About this exercise:
Reproduce each line, exactly, from the one containing "Po ustavení dekontaminačního" through the end of the material. Exclude pictures.

Material for the task:
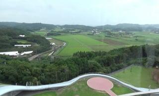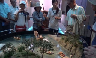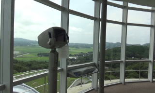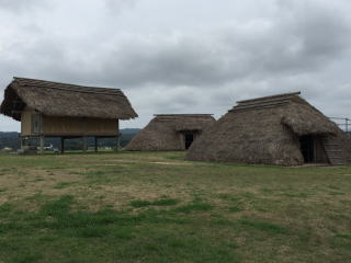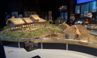 展示物は、途中まで写真撮影が禁止されていたが、ジオラマなどは撮影OK 。 「今日は、人面席の実物が展示されていますよ」と学芸員の方が紹介してくれた。 いろいろな仕掛けがしてあり、子どもにも楽しい博物館だ。 上の階からは、原の辻遺跡一帯が見晴らせた。 |
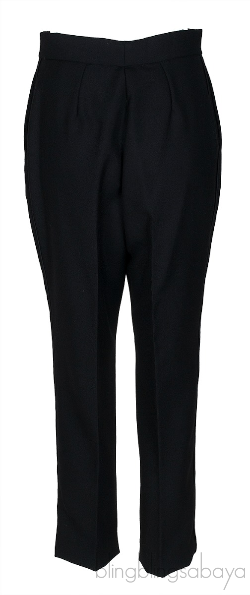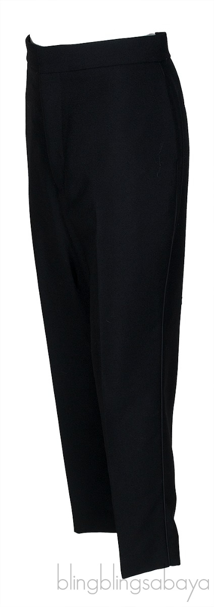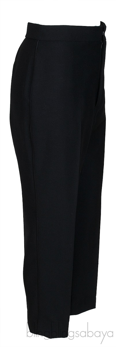 This Black Wool Blend Trouser from Balenciaga is crafted from 55% Wool & 45% Mohair iwth 100% Cotton lining. This trouser features a high waist line, button, hook and zip fastening at front and has two side pockets.
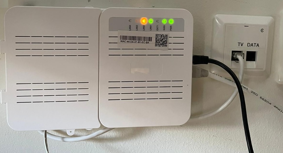 På bilden ovan framgår det att en svart sladd (från TV-boxen) och en grå sladd (från en router) är kopplade till mediaboxen, samt att mediaboxen är ansluten till uttaget märkt ”TV”. Denna mediabox installerades i oktober 2022.
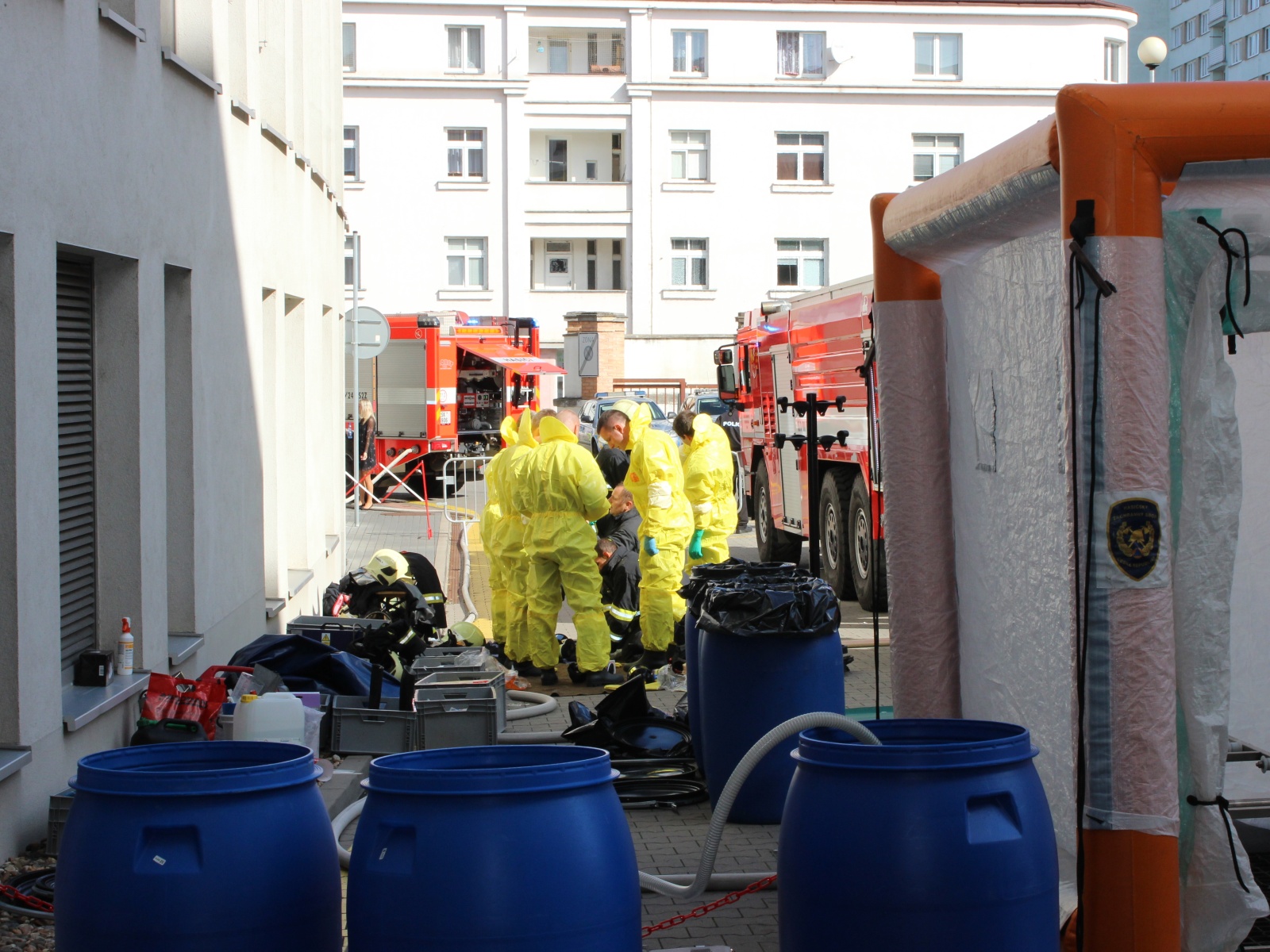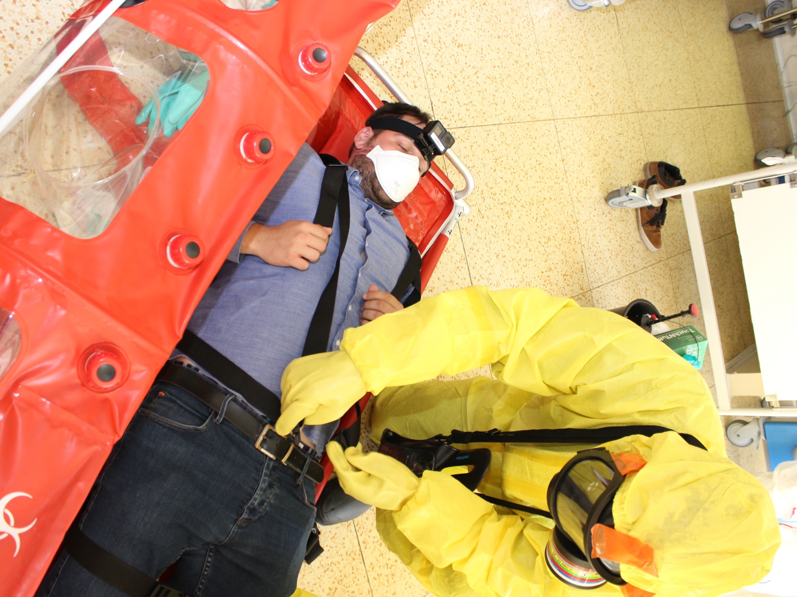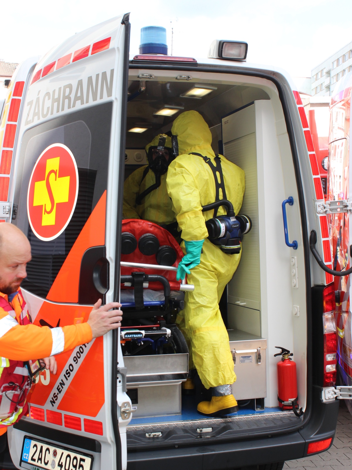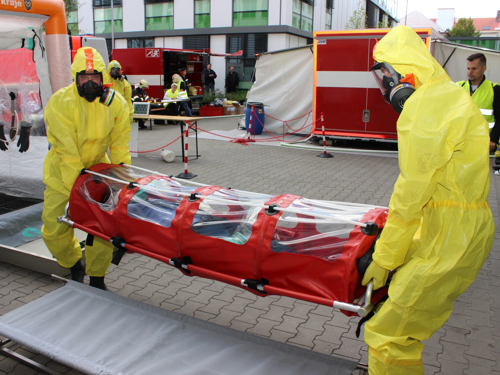 Po ustavení dekontaminačního stanoviště se jednotliví hasiči oblékli do ochranných obleků a vydali se do ordinace, odkud nejprve odvedli osoby z čekárny a následně i zdravotnický personál, který se zasaženou osobou přišel do styku. Nakonec vynesli ve speciálním biovaku nakaženého muže, kterého v tomto vaku také dekontaminovali a následně předali k transportu do cílového zařízení.
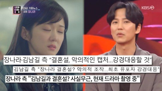 당시 해외에서 예능 프로그램을 녹화 중이던 김남길은 기차 안에서 “내가 결혼한다더라”며 실시간으로 황당한 기색을 드러냈고, 여자 배우에게 더 타격이 있다며 장나라를 걱정했다. 당시 장나라는 SNS에 “앞으로도 이런 일이 계속 있을까 두렵다”고 심경을 고백했다.
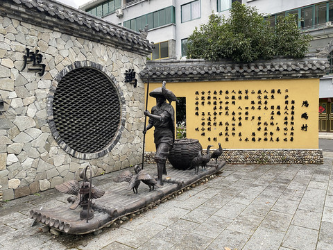 回到村里参观古民居,发现大都残破不堪,在一家看着以前是大户人家的住宅中遇到一位大妈,闲聊中说起此宅乃其爷爷所建,现在政府开发旅游,所有老房子都会加以修缮。问起为何叫鸬鹚的乡名时,大妈说不出所以然。在村口看到鸬鹚村的雕塑和简介,通过剥落不全的文字大概了解,是因马仙娘娘的父亲以鸬鹚捕鱼为生,故而以“鸬鹚”名之。

Output of the exercise:
 Po ustavení dekontaminačního stanoviště se jednotliví hasiči oblékli do ochranných obleků a vydali se do ordinace, odkud nejprve odvedli osoby z čekárny a následně i zdravotnický personál, který se zasaženou osobou přišel do styku. Nakonec vynesli ve speciálním biovaku nakaženého muže, kterého v tomto vaku také dekontaminovali a následně předali k transportu do cílového zařízení.
 당시 해외에서 예능 프로그램을 녹화 중이던 김남길은 기차 안에서 “내가 결혼한다더라”며 실시간으로 황당한 기색을 드러냈고, 여자 배우에게 더 타격이 있다며 장나라를 걱정했다. 당시 장나라는 SNS에 “앞으로도 이런 일이 계속 있을까 두렵다”고 심경을 고백했다.
 回到村里参观古民居,发现大都残破不堪,在一家看着以前是大户人家的住宅中遇到一位大妈,闲聊中说起此宅乃其爷爷所建,现在政府开发旅游,所有老房子都会加以修缮。问起为何叫鸬鹚的乡名时,大妈说不出所以然。在村口看到鸬鹚村的雕塑和简介,通过剥落不全的文字大概了解,是因马仙娘娘的父亲以鸬鹚捕鱼为生,故而以“鸬鹚”名之。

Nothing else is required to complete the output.